Review facilities against fresh FY2027 financials
The ladder is not a one-time climb; you review facilities against fresh FY2027 financials each year and adjust before the next rung. The start of a new financial year is the natural review point because that is when up-to-date numbers land, and that is the moment to refinance, release equity, or restructure rather than carrying a facility that no longer fits. A practice that has grown past last year's settings often finds a rung it can now take that it could not before.
Several rules change on 1 July 2026, and rather than re-state them here, our FY2027 rule reset covers what shifts and what is still only an announcement. For practices weighing whether to release equity at review time, the equity release glossary and the exit strategy entry are the two ideas worth getting straight first. The deeper sequencing playbook lives in the Whitecoat loan pack, and a One Doc structure can suit the home-side borrowing once the practice income is established, covered under One Doc home loans.
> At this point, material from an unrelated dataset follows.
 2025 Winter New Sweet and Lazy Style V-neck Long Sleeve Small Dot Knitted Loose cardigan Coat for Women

Practice ownership finance is a ladder, not a single decision. Fund the rung you are on, match the facility to the milestone, and sequence the borrowings rather than stacking them, so each one is assessed against income the practice can already show. Equipment, then fit-out, then premises, with the review against fresh financials built in each year.
Key takeaway: Finance each milestone in order and let each facility settle before the next, because the order protects serviceability.Frequently Asked Questions
The order you finance a medical practice in usually runs equipment first, then fit-out, then premises, because each rung carries a heavier serviceability load than the one before it. Funding the rung you are on, rather than borrowing for all three at once, keeps each facility sized to a clear milestone. You can see how the lanes connect on the Whitecoat Hub.
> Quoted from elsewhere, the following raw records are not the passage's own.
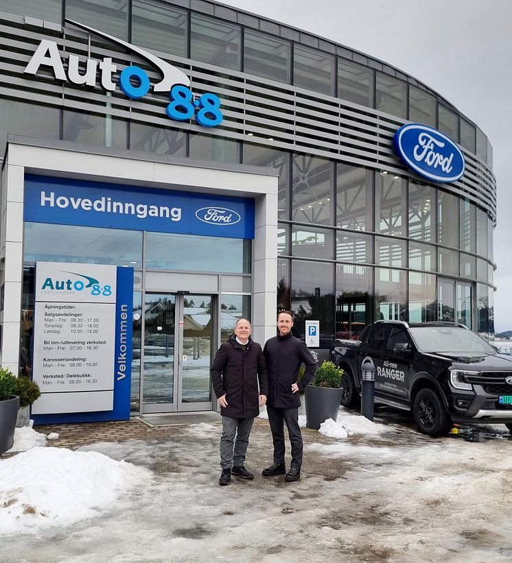 Fra venstre: Terje Sildnes, konsernleder Auto 8-8 og sønnen Thomas Sildnes, forretningsutvikler Auto 8-8
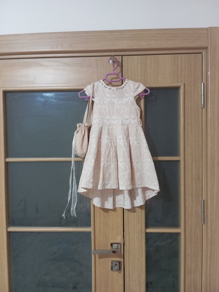 Kız çocuk için bej renkte, nakışlı dantelli, straplez ve bol kesim elbise. Yumuşak örme kumaştan, bohem tarzda ve pastel tonlarda.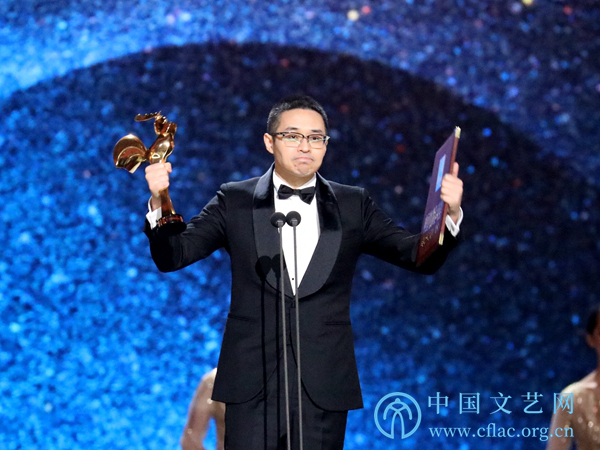 11月23日,第32届中国电影金鸡奖颁奖典礼暨第28届中国金鸡百花电影节闭幕式在福建厦门举行。图为最佳导演处女作文牧野(《我不是药神》)发表获奖感言。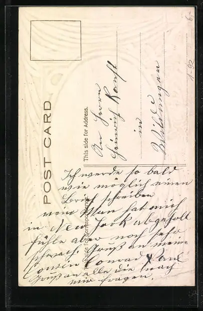 Personenbezogene Daten auf der Rückseite der Karte wurden durch blauen Textmarker unkenntlich gemacht. Die blauen Stellen sind auf die Vorderseite durchgeweicht und wirken sich negativ auf das Postkartenfoto aus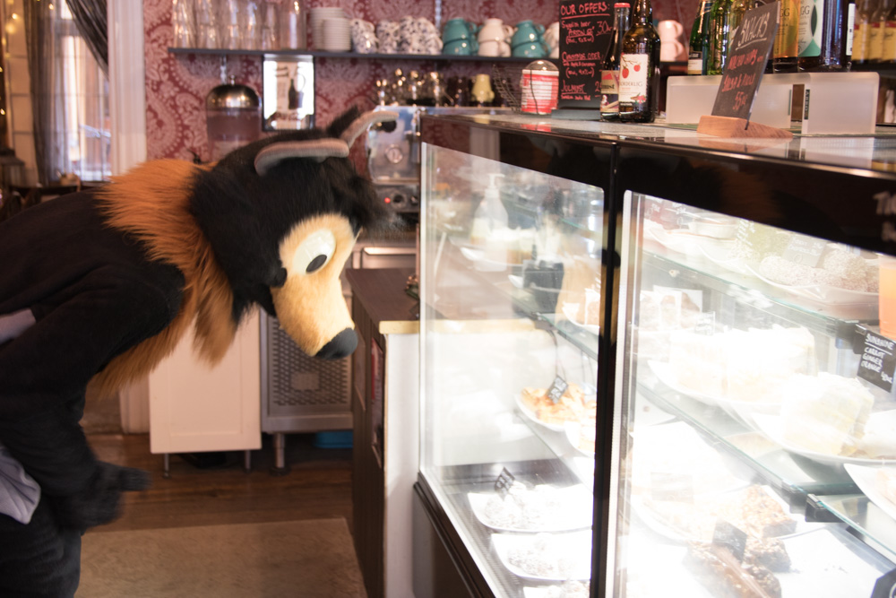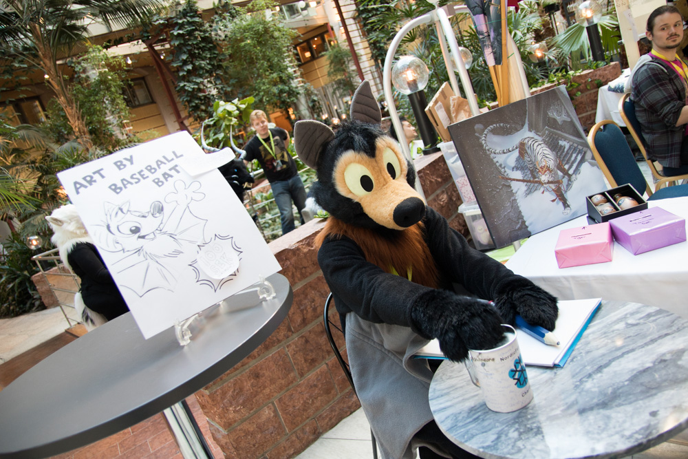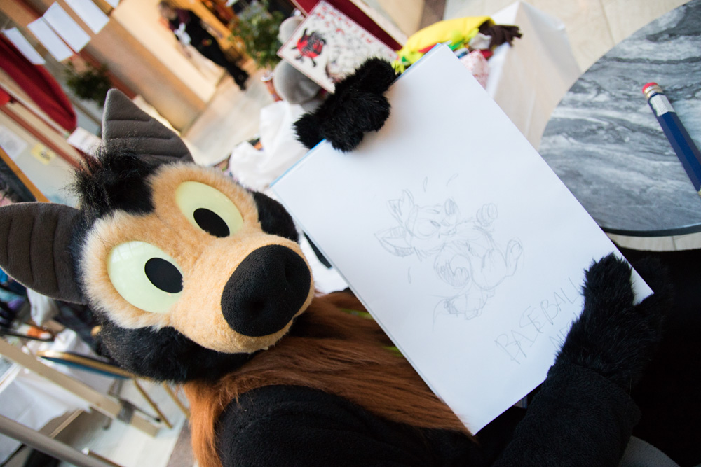 We had breakfast at 9:30 with Sweek, Mag and Eko. I helped Henrieke with setting up her Dealers Den table after, then sat together with Mag, Sweek and Procy downstairs and drew a badge for Mag. We listened to Audace and K-Mart music. After the Dealers Den opened I went there to say hi to Henrieke, then I got into suit and Baseball went to the fursuit parade, just in time. It was short but fun, and Baseball got half of a charity collection can filled in a very short time! It was also open day, meaning families with kids were at the hotel, Baseball went to the public area and played with some kids a bit! Then I got out of suit again. Ekorren brought some food from subway to the Dealers Den. I ate there with Henrieke, then I checked out the art show.

Funding equipment, fit-out and premises with one loan is rarely the cleanest path, because each milestone suits a different facility and a different term. A revolving working capital facility, a business loan and a commercial property loan are assessed on different security and serviceability, so sequencing them tends to read better with lenders than stacking them blindly.
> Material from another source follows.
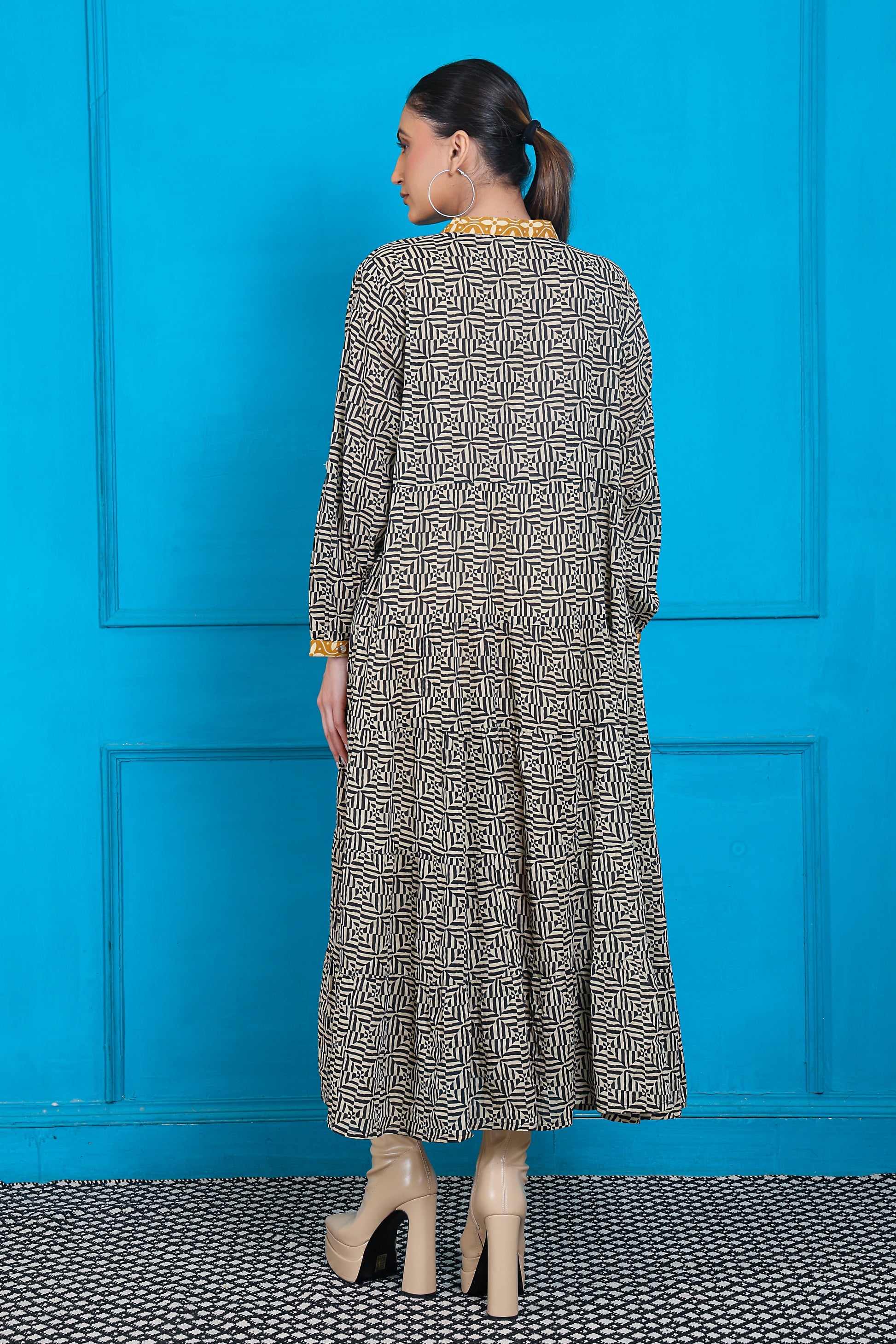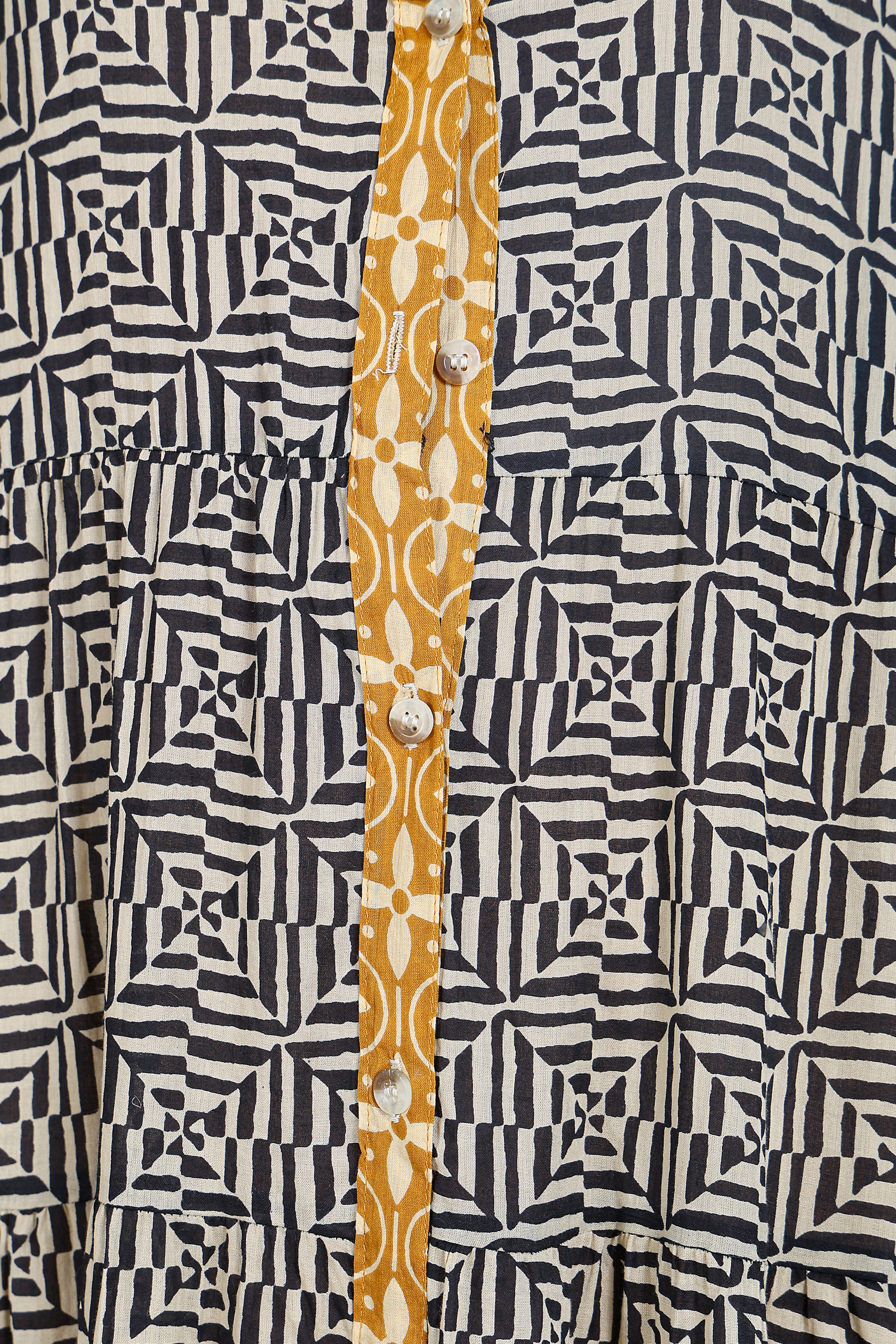 Make a Shasa fashion and lifestyle statement with this striking geometric print long shirt dress. The eye-catching black and white pattern features mesmerising spiral designs that create a stunning optical effect. This versatile dress showcases a classic button-down collar and full-length sleeves, perfect for both casual and semi-formal occasions. The knee-length cut and high-low hemline add a contemporary touch to the silhouette. Crafted with attention to detail, the dress includes practical side pockets and premium button closures. The comfortable fit allows for easy movement, while the crisp collar adds structure to the overall design. The monochromatic colour scheme makes it easy to accessorise with your favourite jewellery and footwear. This dress can be styled multiple ways - wear it as is for a sophisticated look, or pair it with a belt to accentuate your waist. Ideal for work meetings, brunches, or evening gatherings, this dress combines comfort with contemporary style.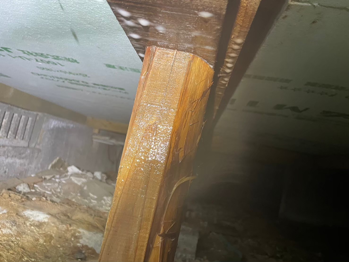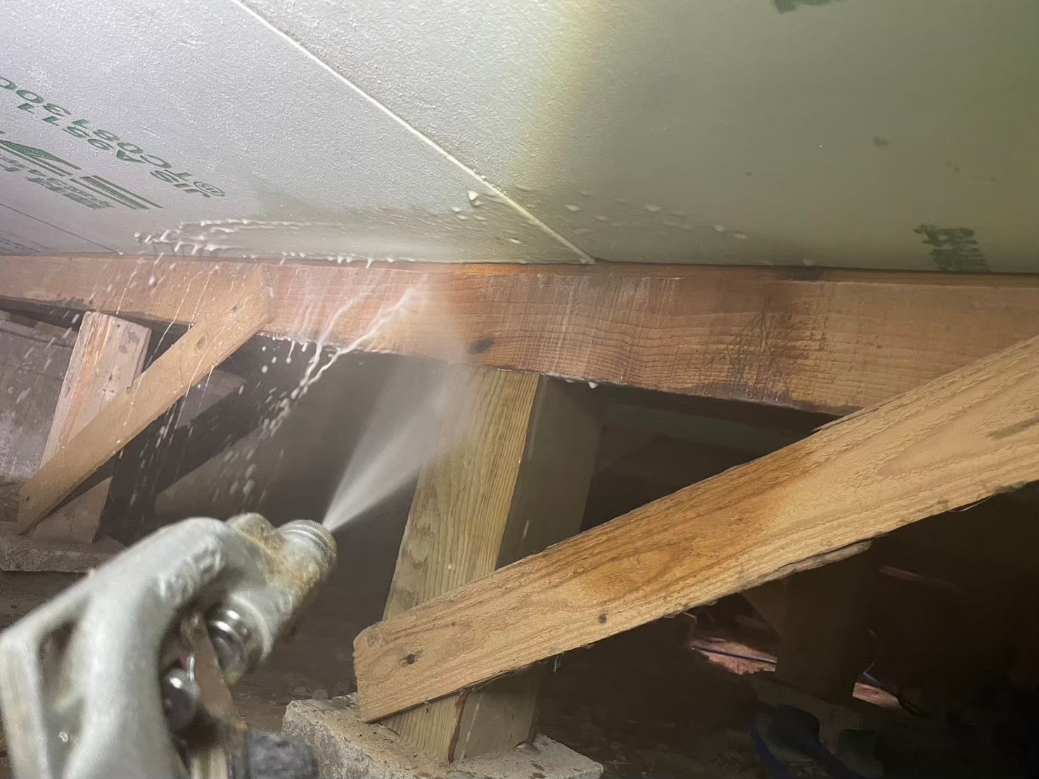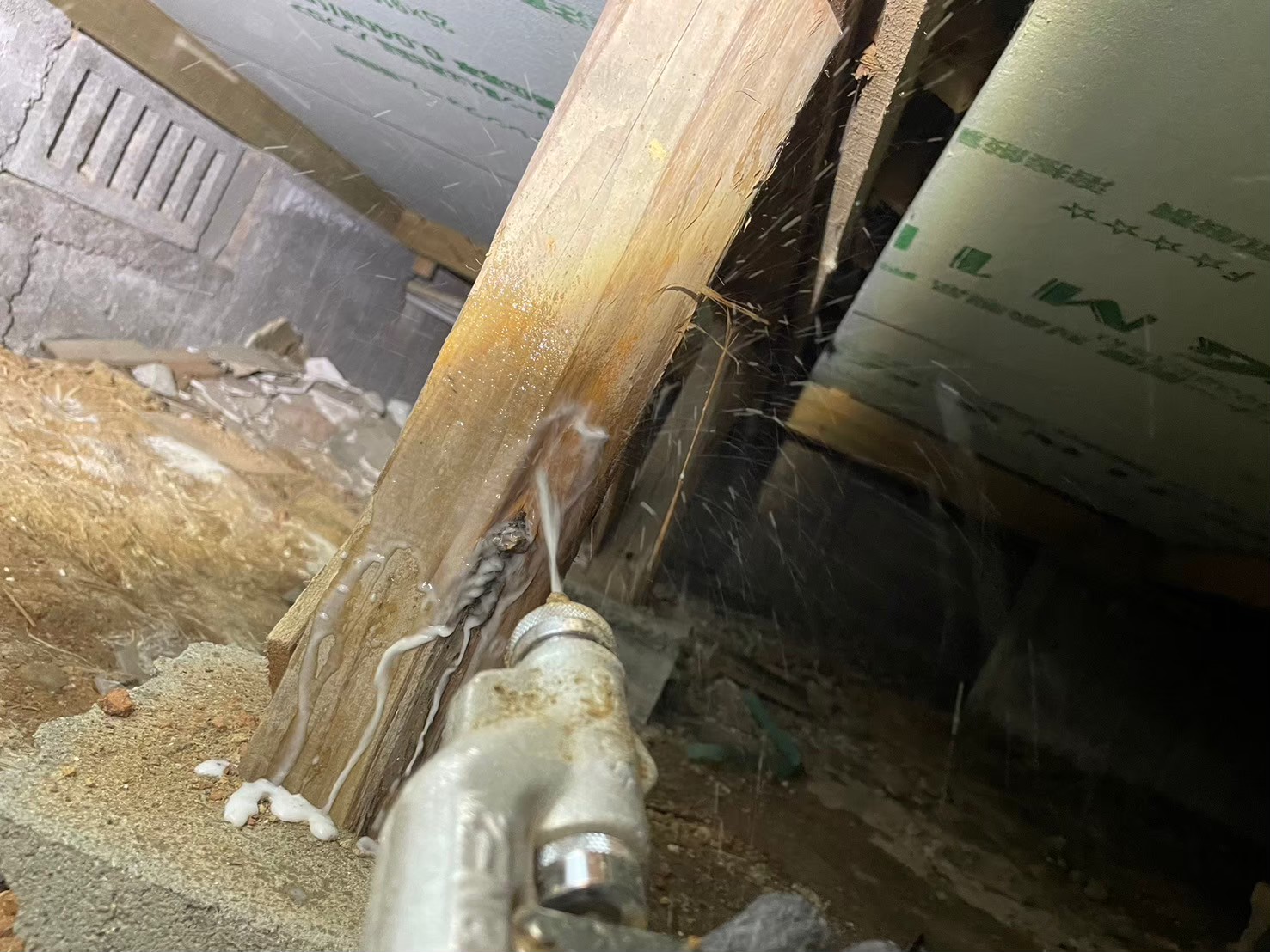 被害木材には穿孔注入で薬剤を深部まで届かせ、床下全域に駆除剤・防カビ剤を徹底散布しました。

Facility sequencing protects serviceability by spacing your borrowings so each new commitment is taken on against demonstrated income rather than a forecast. When you match the facility to the milestone and let the billings settle between rungs, your combined LVR, illustrative and capped by lender policy, and your repayment load both stay inside what the practice can carry.
You should review your practice finance facilities at least once a year, and the start of a new financial year is the natural point, because that is when fresh financials land. Reviewing facilities against fresh FY2027 financials lets you refinance or restructure before you climb to the next rung, and the FY2027 rule reset covers what changes on 1 July.
A second mortgage can sit at more than one rung of the ladder, most often as a deposit top-up when you buy the premises, where it works behind a first mortgage to release equity. It is a flexible tool rather than a default one, so it belongs where the milestone genuinely calls for releasing equity. The second mortgage glossary entry sets out how it ranks.